This is all very bad news for The Kansas City Star and the other McClatchy papers. As weak as these papers are and as far as they have fallen, they still throw off lots of cash. In that sense, they are perfect victims for scavengers.
For the sake of McClatchy’s approximately 2,800 employees (for comparison’s sake, The Star alone had more than 2,000 employees about 20 years ago), I’m sorry to say things could get a lot worse before there’s any chance of getting better.
I can almost guarantee you there will be staff cuts at most or all of those newspapers. Any McClatchy employees hoping that Chatham might not be as bad as the hedge fund Alden Global Capital, which has decimated the Denver Post and other papers in its stranglehold, should consider this: Chatham is the majority owner of American Media, which owns the tabloid National Enquirer — which hardly recommends Chatham as a potential restorer of the 29-paper chain to the newspaper industry’s top ranks.
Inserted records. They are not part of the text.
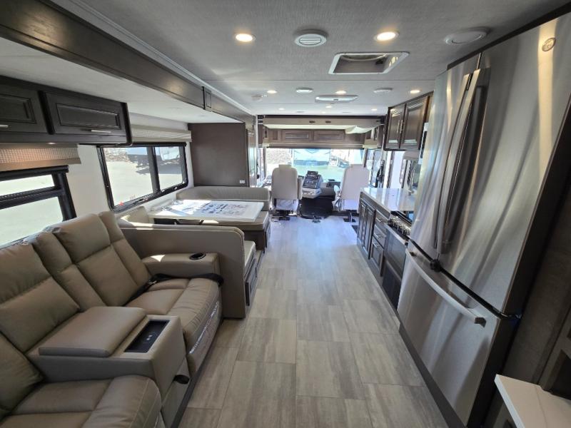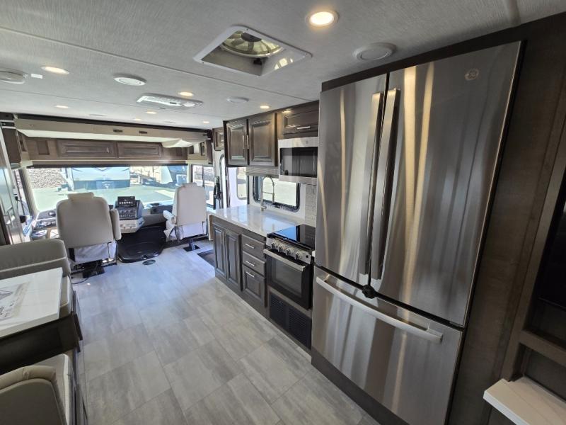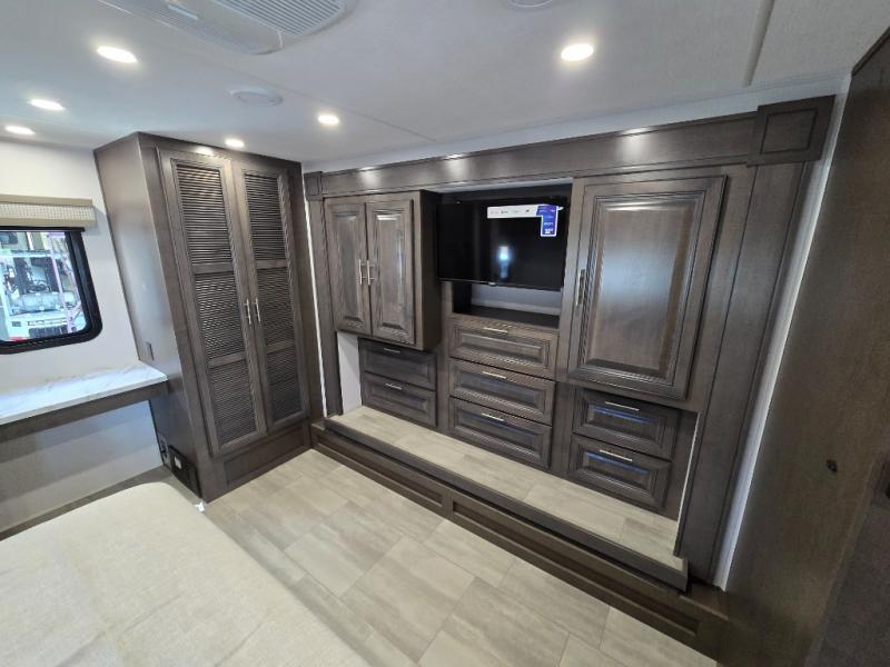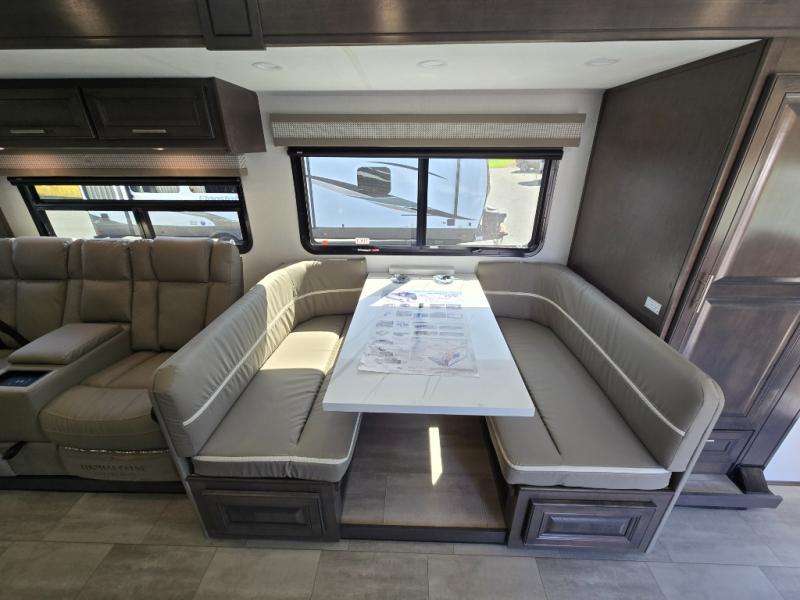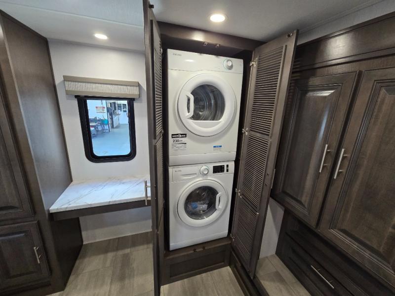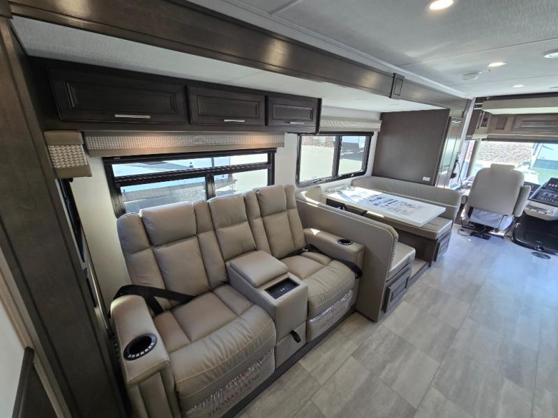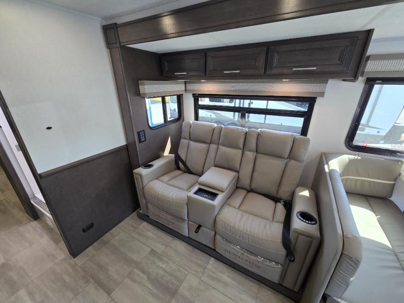 You won't believe all that the rear private bedroom has to offer in this motorhome! It features a 72" x 80" king bed slide with overhead cabinets, a dresser with a 32" TV and overhead cabinets, wardrobes on either side of the dresser, and a desk with wardrobes on either. And one of the wardrobes features an optional stacked washer and dryer for convenience! The split-style bathroom makes it easy for one person to freshen up in the shower with a seat while another uses the private toilet and sink. After a long day of traveling, you can relax on either the Thomas Payne theater seating with heat and massage across from the 5,000 BTU fireplace with a 40" LED TV above it or play a game and eat a meal at the Dream Dinette. There is also a power front overhead bunk for more sleeping space!
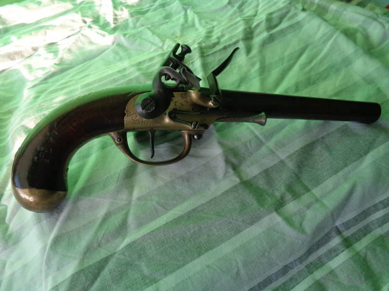 Laufoberseite mit 83 für Ausgabe und B In allen Teilen original erhaltenes Stück, nichts verputzt, schöne Patina auf Lauf und Metall, Griffholz sehr gut und noch in der alten Fassung. Auf dem Schlosskasten ein bekröntes L für Lampert, dieser in St. Etienne tätig von 1777 - 1784, das B auf Lauf und Griffstück für Joseph Bertheas 1777 - 1785, die offene Krone für St. Etienne Seltenes sehr schönes Stück.
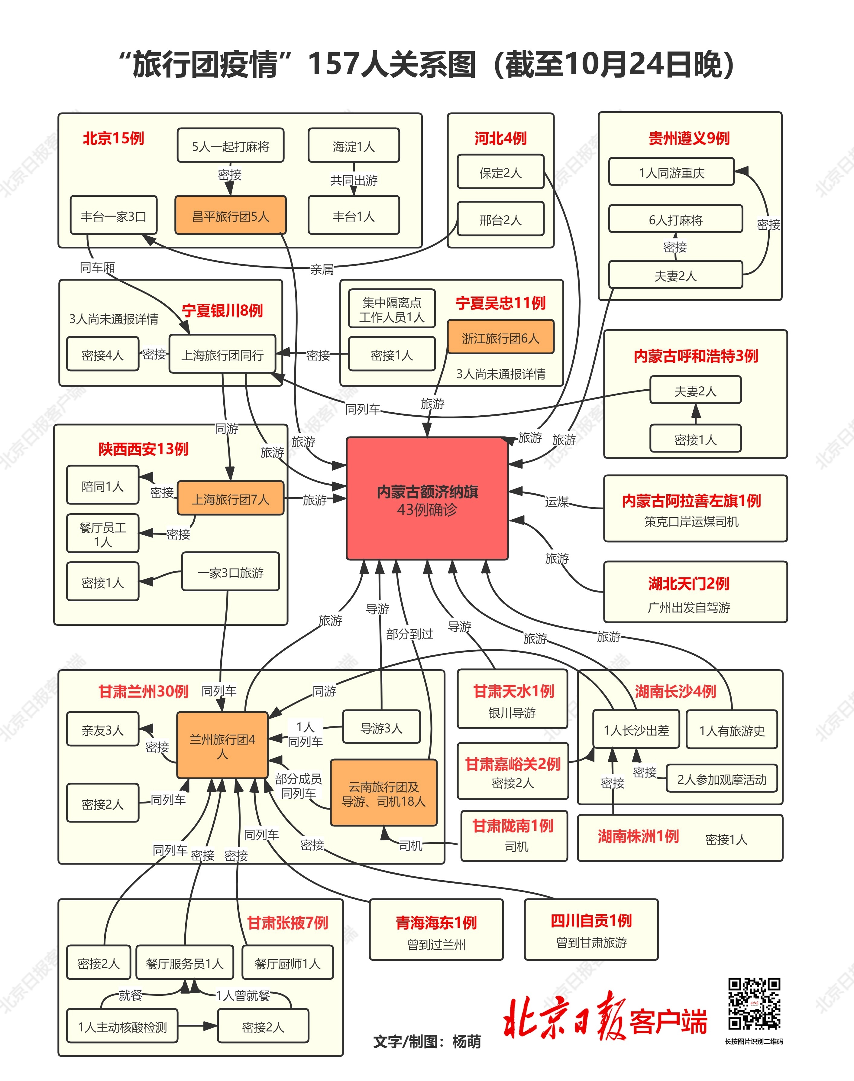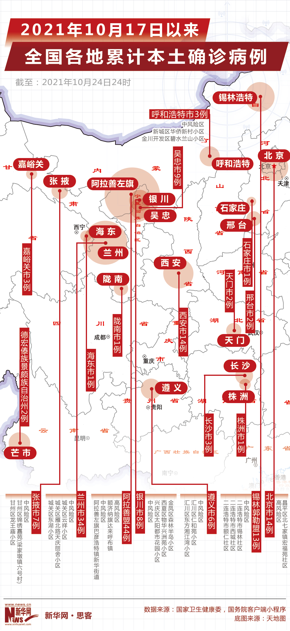 自10月17日多地关联聚集性疫情发生以来,截至10月24日24时,累计报告168例感染者。本轮疫情已经波及陕西、宁夏、内蒙古、北京等11省区市。

Like Warren Buffett, Wall Street traders and just about everyone else, Chatham has no illusions about where the newspaper industry is headed; it just wants to bleed them of cash, or, perhaps, sell them at a nice profit to another chain.
The guy who will be drawing the blood, Anthony Melchiorre, apparently is a piece of work.
A March 2019 Fortune magazine story said Melchiorre, who is either 51 or 52, was raised in Chicago, studied economics at Northwestern and got an MBA from the University of Chicago. After working at investment banking firms Donaldson, Lufkin & Jenrette and Goldman Sachs, he went to Morgan Stanley in 1998, where he worked his way up to heading the firm’s junk-bond trading group.
Fortune said Melchiorre wasn’t a particularly good fit at the firm and irritated some senior executives.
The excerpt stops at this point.